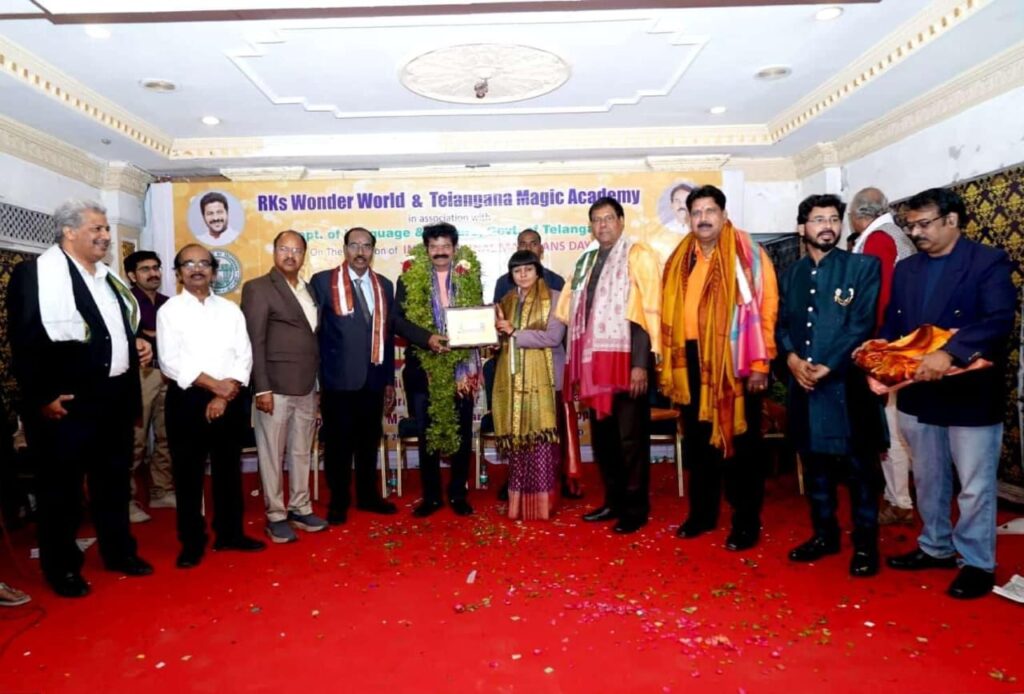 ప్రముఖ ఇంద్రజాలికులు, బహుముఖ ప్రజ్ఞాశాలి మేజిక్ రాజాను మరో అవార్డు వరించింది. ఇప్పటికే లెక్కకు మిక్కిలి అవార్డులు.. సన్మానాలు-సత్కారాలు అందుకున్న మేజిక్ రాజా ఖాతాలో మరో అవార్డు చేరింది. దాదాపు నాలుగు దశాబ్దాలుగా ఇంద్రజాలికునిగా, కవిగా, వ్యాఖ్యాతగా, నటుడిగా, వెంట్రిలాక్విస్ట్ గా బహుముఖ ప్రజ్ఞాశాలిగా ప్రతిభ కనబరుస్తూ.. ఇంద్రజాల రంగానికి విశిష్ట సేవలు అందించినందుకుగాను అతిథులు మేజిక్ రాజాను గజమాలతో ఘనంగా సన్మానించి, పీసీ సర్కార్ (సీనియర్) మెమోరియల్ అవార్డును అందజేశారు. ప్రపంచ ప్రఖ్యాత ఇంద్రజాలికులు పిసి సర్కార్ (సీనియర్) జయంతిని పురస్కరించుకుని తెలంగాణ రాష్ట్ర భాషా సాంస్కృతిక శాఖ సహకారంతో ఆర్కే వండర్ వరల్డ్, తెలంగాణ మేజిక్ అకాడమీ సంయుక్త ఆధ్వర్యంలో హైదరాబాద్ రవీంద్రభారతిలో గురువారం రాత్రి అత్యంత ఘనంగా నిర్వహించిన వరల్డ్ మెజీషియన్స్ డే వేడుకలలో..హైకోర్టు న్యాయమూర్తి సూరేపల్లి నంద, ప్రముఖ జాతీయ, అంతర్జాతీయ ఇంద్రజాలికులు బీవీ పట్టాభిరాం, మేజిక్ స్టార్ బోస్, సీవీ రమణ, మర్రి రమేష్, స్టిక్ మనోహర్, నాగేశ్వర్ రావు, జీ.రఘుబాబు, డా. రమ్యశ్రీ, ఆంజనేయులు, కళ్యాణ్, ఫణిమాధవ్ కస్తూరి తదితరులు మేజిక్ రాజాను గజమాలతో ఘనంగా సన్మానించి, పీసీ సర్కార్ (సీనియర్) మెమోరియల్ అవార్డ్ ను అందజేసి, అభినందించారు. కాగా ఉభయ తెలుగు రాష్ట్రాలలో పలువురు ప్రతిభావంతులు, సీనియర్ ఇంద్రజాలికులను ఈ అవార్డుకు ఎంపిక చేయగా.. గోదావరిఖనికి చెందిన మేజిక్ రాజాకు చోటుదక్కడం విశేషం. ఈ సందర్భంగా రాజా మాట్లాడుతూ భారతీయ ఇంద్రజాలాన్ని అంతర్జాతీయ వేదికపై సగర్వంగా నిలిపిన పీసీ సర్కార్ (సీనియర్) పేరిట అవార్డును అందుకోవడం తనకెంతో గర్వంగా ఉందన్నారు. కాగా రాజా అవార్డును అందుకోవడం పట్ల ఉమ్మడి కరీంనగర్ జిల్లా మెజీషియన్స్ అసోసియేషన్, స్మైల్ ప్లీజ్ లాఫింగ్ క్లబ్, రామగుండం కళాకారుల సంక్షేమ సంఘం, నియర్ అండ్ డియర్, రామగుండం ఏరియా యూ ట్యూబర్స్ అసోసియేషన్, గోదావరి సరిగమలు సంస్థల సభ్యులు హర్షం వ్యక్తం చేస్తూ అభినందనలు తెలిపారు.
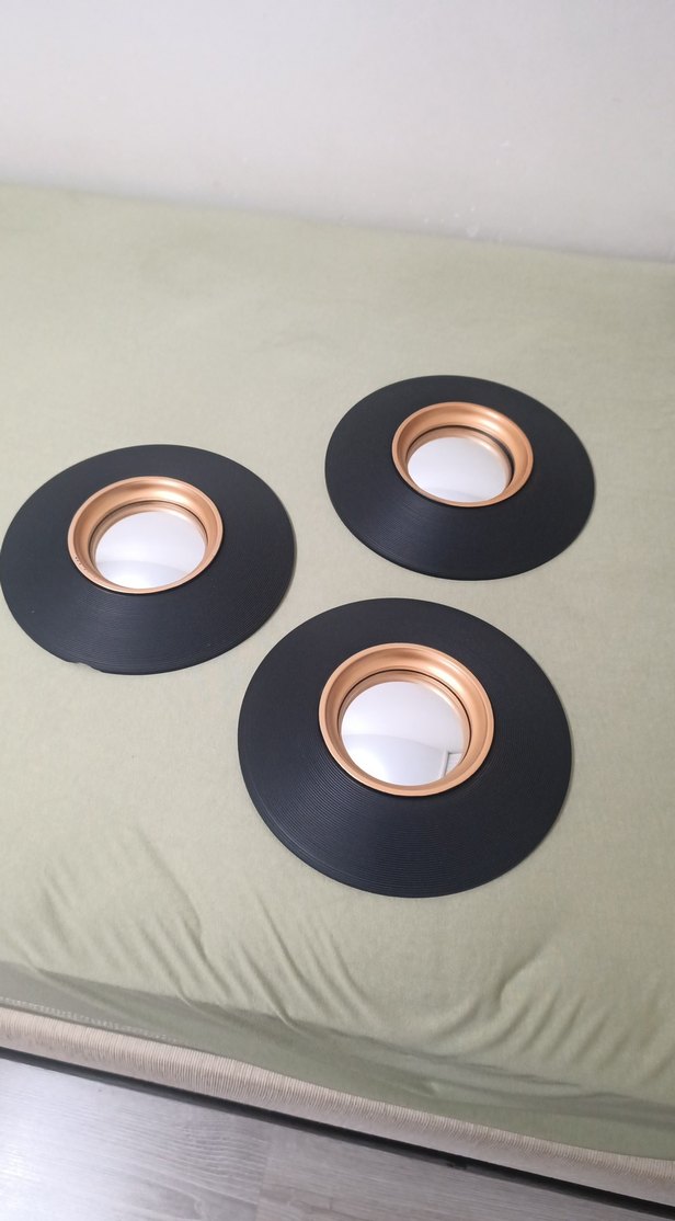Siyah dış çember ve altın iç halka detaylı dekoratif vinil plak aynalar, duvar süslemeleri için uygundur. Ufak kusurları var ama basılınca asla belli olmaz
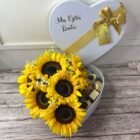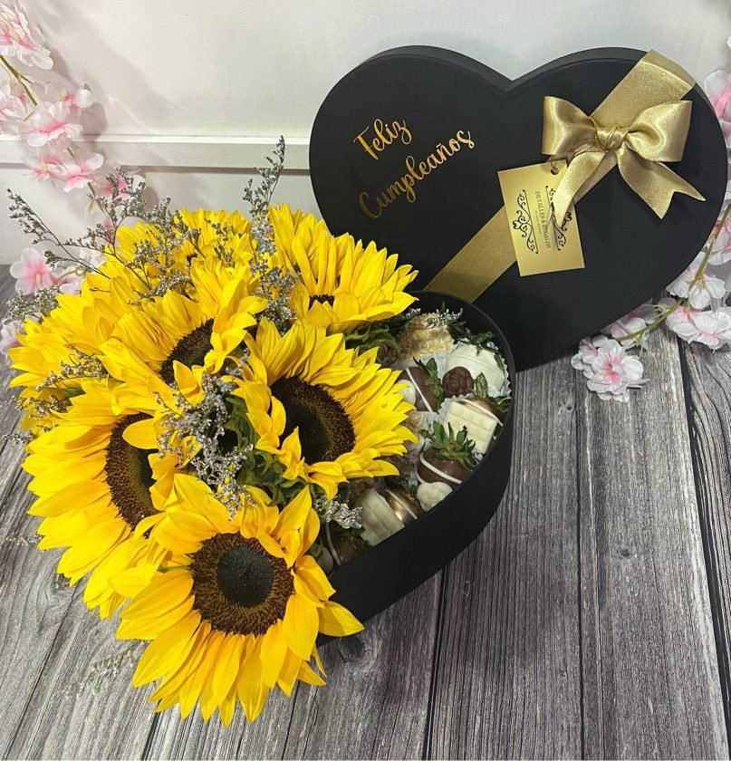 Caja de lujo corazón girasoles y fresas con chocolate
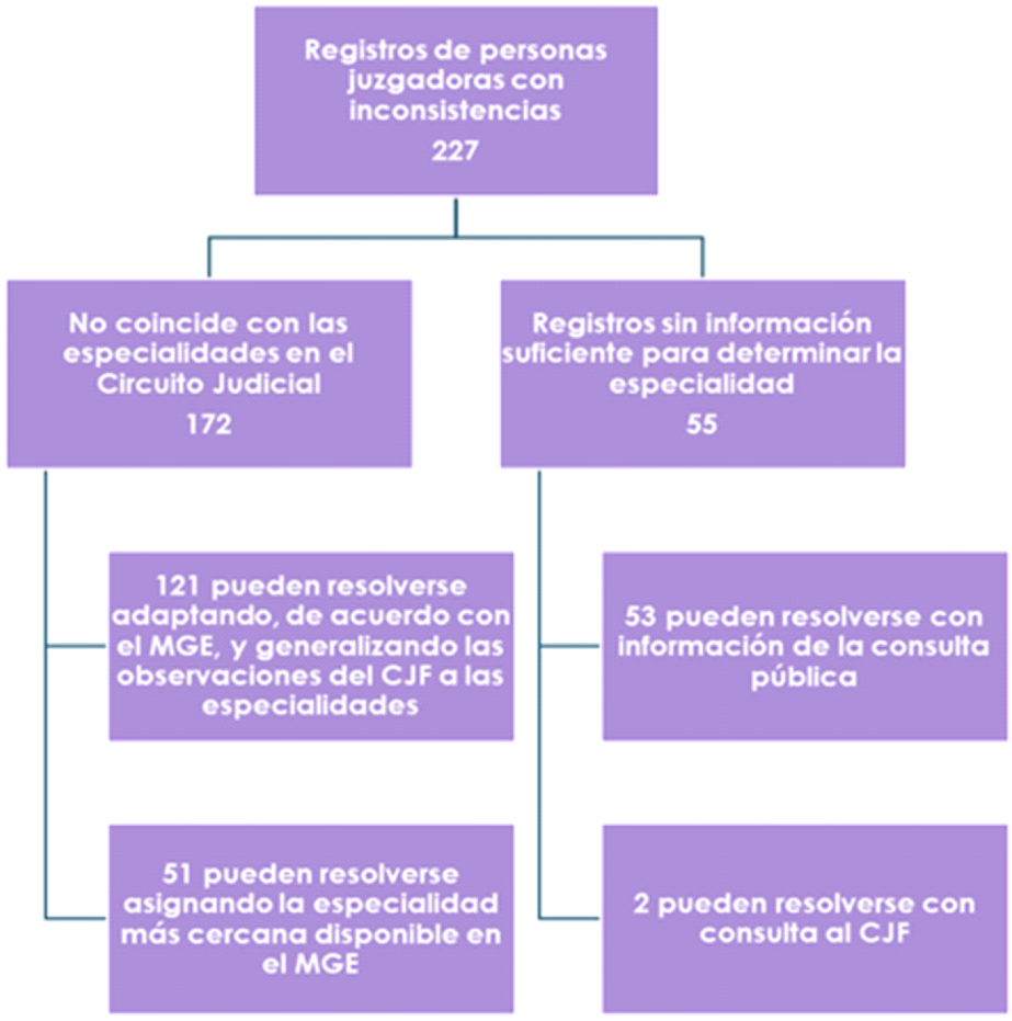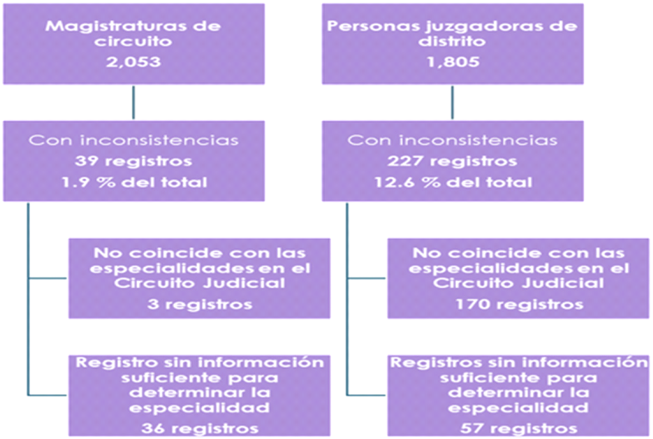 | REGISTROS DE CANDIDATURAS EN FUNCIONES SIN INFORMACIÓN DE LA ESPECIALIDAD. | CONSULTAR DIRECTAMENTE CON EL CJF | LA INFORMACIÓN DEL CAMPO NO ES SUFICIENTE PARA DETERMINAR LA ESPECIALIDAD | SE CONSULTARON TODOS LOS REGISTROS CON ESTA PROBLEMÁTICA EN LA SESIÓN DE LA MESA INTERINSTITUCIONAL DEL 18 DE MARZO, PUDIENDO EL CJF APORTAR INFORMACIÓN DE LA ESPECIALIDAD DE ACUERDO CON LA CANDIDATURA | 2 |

==

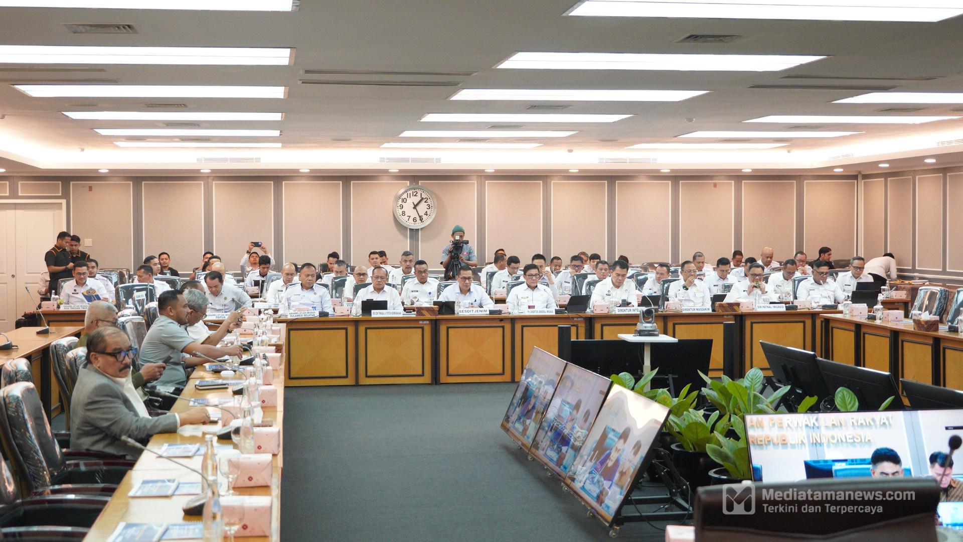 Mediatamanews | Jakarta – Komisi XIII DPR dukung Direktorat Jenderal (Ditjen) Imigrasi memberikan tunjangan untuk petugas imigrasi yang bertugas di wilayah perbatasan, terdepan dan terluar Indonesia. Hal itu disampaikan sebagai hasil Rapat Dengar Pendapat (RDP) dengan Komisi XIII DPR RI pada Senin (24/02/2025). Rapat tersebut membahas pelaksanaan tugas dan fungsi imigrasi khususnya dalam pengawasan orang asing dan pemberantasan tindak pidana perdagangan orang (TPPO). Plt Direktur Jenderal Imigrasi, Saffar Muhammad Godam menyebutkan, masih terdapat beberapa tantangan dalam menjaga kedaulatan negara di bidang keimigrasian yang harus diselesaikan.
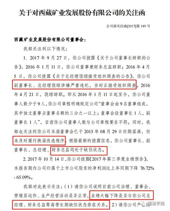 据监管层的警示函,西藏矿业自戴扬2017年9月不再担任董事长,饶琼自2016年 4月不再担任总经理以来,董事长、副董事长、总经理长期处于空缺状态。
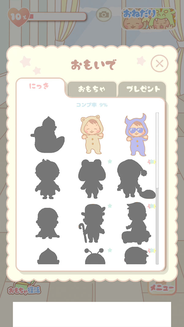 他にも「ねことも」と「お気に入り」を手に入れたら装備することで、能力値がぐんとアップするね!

---

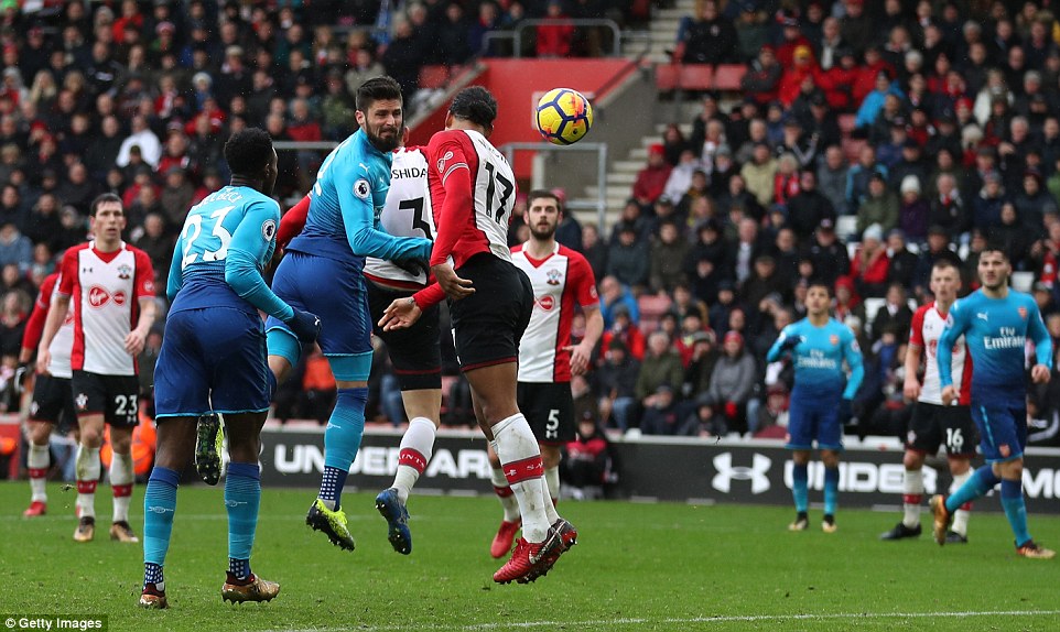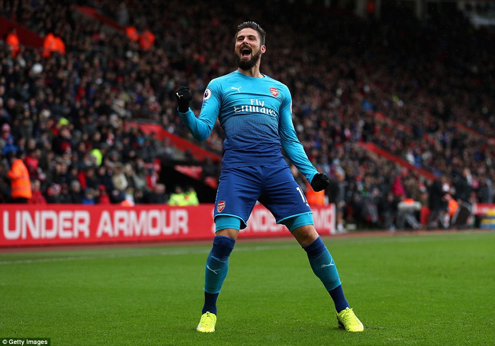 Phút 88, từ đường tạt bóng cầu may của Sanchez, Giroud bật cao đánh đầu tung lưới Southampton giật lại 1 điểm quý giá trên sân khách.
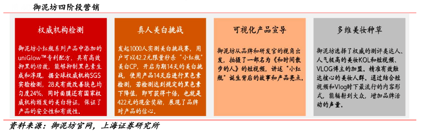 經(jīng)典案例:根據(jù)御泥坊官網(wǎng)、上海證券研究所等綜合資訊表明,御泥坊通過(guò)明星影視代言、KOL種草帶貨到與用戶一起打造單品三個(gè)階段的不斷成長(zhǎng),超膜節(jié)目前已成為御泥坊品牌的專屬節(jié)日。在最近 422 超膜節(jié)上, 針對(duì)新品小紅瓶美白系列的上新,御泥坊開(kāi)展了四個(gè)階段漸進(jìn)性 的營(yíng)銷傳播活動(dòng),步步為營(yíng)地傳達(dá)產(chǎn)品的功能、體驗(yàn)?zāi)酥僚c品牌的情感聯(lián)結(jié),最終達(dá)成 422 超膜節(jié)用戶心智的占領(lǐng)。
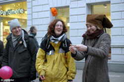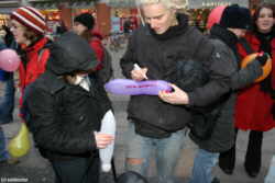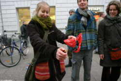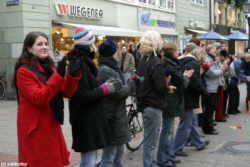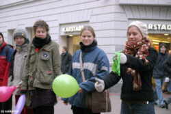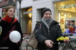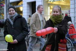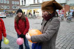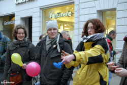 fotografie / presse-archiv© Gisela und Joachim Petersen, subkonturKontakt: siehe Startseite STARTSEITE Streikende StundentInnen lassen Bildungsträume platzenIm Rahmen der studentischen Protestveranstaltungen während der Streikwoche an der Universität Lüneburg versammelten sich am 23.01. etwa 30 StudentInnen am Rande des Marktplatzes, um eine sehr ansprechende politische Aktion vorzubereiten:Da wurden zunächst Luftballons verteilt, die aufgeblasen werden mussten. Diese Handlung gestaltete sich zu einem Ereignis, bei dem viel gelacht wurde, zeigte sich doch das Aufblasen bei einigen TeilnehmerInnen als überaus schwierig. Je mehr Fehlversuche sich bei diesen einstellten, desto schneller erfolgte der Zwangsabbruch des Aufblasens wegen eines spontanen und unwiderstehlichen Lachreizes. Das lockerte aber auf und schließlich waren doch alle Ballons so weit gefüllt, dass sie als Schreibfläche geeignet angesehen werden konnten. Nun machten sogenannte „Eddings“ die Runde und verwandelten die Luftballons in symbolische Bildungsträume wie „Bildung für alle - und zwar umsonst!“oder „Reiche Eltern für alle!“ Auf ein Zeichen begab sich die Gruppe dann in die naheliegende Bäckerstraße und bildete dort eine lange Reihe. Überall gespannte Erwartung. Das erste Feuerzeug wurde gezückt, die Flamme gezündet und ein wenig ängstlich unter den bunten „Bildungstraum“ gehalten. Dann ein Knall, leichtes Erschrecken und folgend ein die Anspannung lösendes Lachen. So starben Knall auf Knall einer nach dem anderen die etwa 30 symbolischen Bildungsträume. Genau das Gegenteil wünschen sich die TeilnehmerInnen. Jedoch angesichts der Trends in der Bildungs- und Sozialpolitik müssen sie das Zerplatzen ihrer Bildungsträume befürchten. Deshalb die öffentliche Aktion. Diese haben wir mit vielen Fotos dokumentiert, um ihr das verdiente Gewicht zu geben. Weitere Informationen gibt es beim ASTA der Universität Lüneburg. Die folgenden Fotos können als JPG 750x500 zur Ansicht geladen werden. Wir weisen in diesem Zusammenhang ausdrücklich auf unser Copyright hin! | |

**What you will do**: From the records above, copy only the lines running from the line containing "Phút 88, từ" to the line containing "422 超膜節(jié)上, 針對(duì)新品小紅瓶美白系列的上新,御泥坊開(kāi)展了四個(gè)階段漸進(jìn)性", both ends included. Leave the pictures out.

**Response area**:
 Phút 88, từ đường tạt bóng cầu may của Sanchez, Giroud bật cao đánh đầu tung lưới Southampton giật lại 1 điểm quý giá trên sân khách.
 經(jīng)典案例:根據(jù)御泥坊官網(wǎng)、上海證券研究所等綜合資訊表明,御泥坊通過(guò)明星影視代言、KOL種草帶貨到與用戶一起打造單品三個(gè)階段的不斷成長(zhǎng),超膜節(jié)目前已成為御泥坊品牌的專屬節(jié)日。在最近 422 超膜節(jié)上, 針對(duì)新品小紅瓶美白系列的上新,御泥坊開(kāi)展了四個(gè)階段漸進(jìn)性 的營(yíng)銷傳播活動(dòng),步步為營(yíng)地傳達(dá)產(chǎn)品的功能、體驗(yàn)?zāi)酥僚c品牌的情感聯(lián)結(jié),最終達(dá)成 422 超膜節(jié)用戶心智的占領(lǐng)。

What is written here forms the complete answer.